My shoulders sag in defeat. I fall against my truck and rub my hand over my face. I can’t answer most of her questions. I can’t let her go, either. It only takes me a moment to decide between Ivy and my secrets. “Okay, what’s your question?”

Ivy’s eyes come up and pierce mine. “Why are you doing this to me? Why are you toying with me, Zander? You pretend to be nice to me, but you clearly can’t stand me. Why not leave me alone and stop all of this?”

The fact that her question isn’t about the bruises or the fighting surprises me, but what really shocks me is what she said about me. I stare at her in disbelief and say, “You think I don’t like you?”

Ivy looks at me like I’m crazy. “Uh, yeah. You act like you hate me practically every time you see me. The only time you were actually nice to me was when I offered to help you with your calculus. I never really expected you to call, and when you did, you made it pretty clear it was only so I could help you study. But then you’re so nice to me out of nowhere, only to go right back to acting like I have some contagious disease. I don’t know why you’re doing this to either of us. Just leave me alone, okay?”

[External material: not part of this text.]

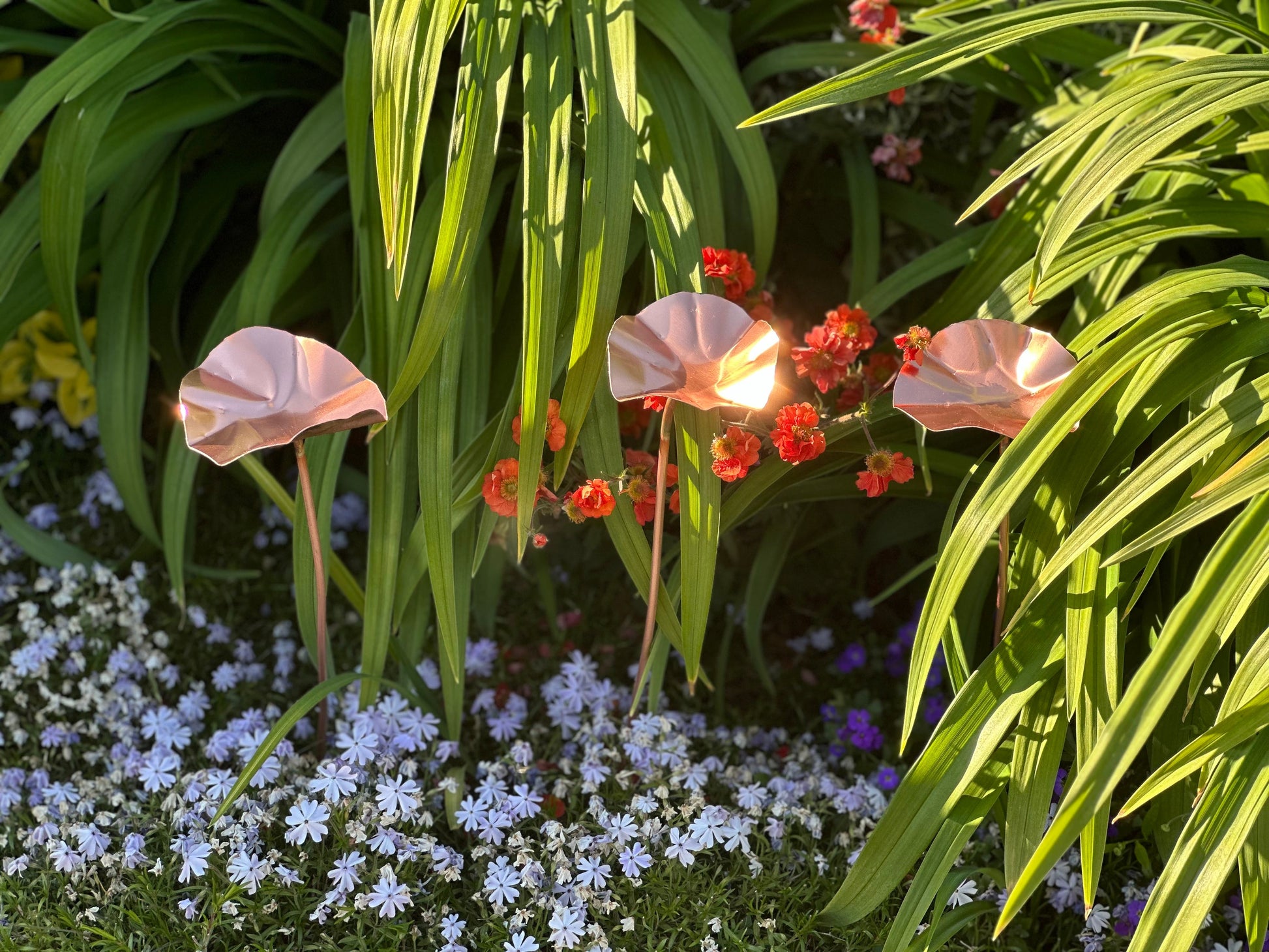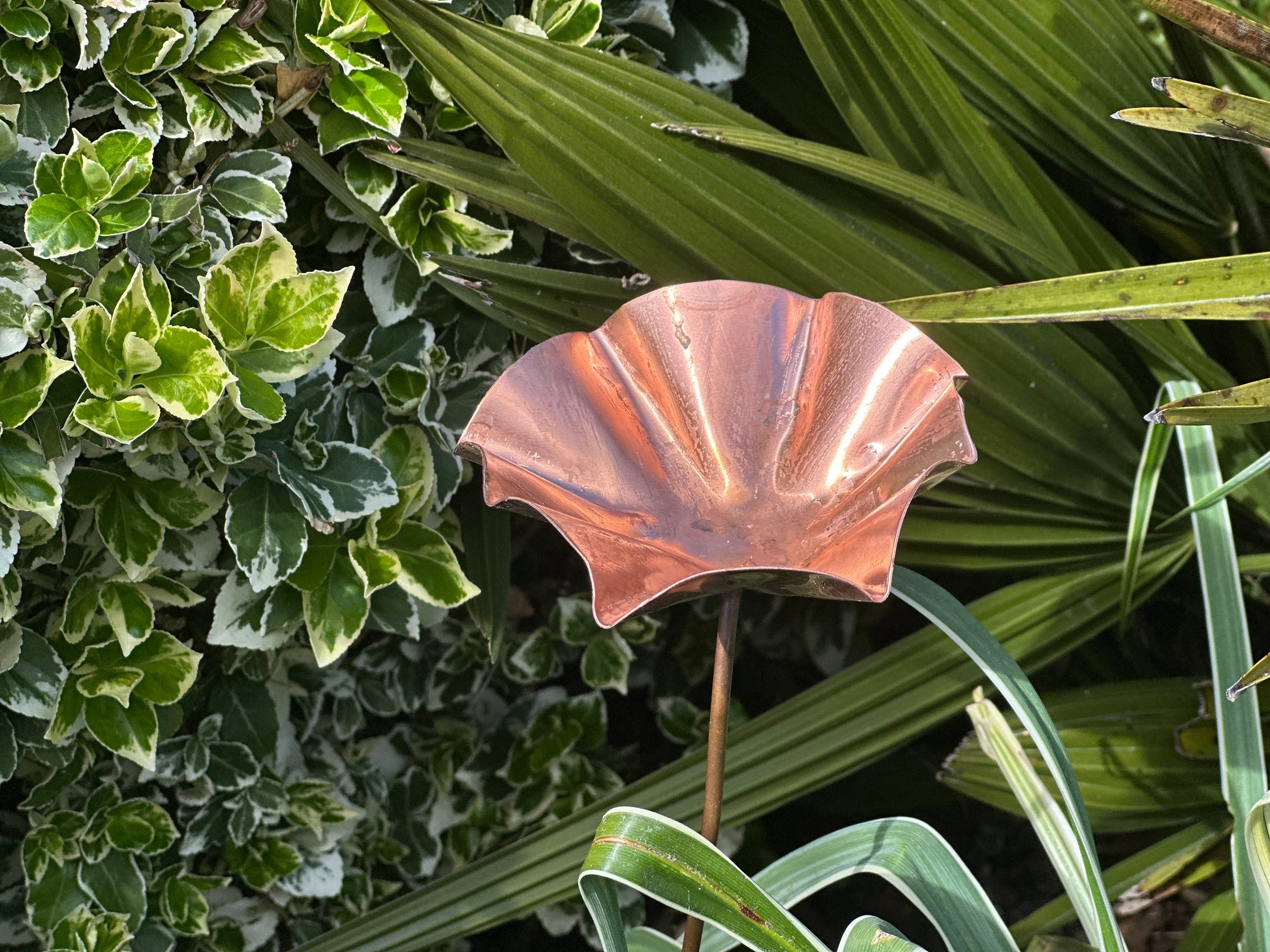 Hand made copper bee drinking stations stand 40-50cm tall and are designed to hold a little water such that bees and other flying insects can find a refreshing drink amongst your beds and borders.

I can’t seem to work out a response to her. My brain is still trying to catch up. Yes, I’ve been horrible to her, but that can’t be all she sees when I look at her. My silence deepens Ivy’s frown and she turns away from me. It only takes me half a step to reach her side. I hook my fingers on her shoulder and turn her gently so she is forced to look at me. My hand trembles from the brief contact.

“Ivy, I don’t hate you. The reason I reacted to you like I did the first time we met…and the other times, was because I liked you too much and it scared me. It wasn’t because I didn’t want to be with you.”

Ivy glares at me. “What? That doesn’t even make sense.”

“I know,” I say. “It doesn’t make sense, because you don’t know me like everyone else around here knows me.”

“What are you talking about?”

“I don’t get close to people, ever. You've already heard rumors about how I don’t date, and I’m basically a loner. Well, there are reasons for that, very good ones, and until I met you I had every intention of living up to my reputation,” I say. “The second I saw you, I wanted you, and it scared me to death.”

Ivy’s expression goes from angry, to confused, to surprised and a little bit happy in a matter of seconds. “You…I thought…you really like me?”

“Yes,” I say, sighing deeply.

“Then why do you pull away every time I get near you or touch you,” she asks.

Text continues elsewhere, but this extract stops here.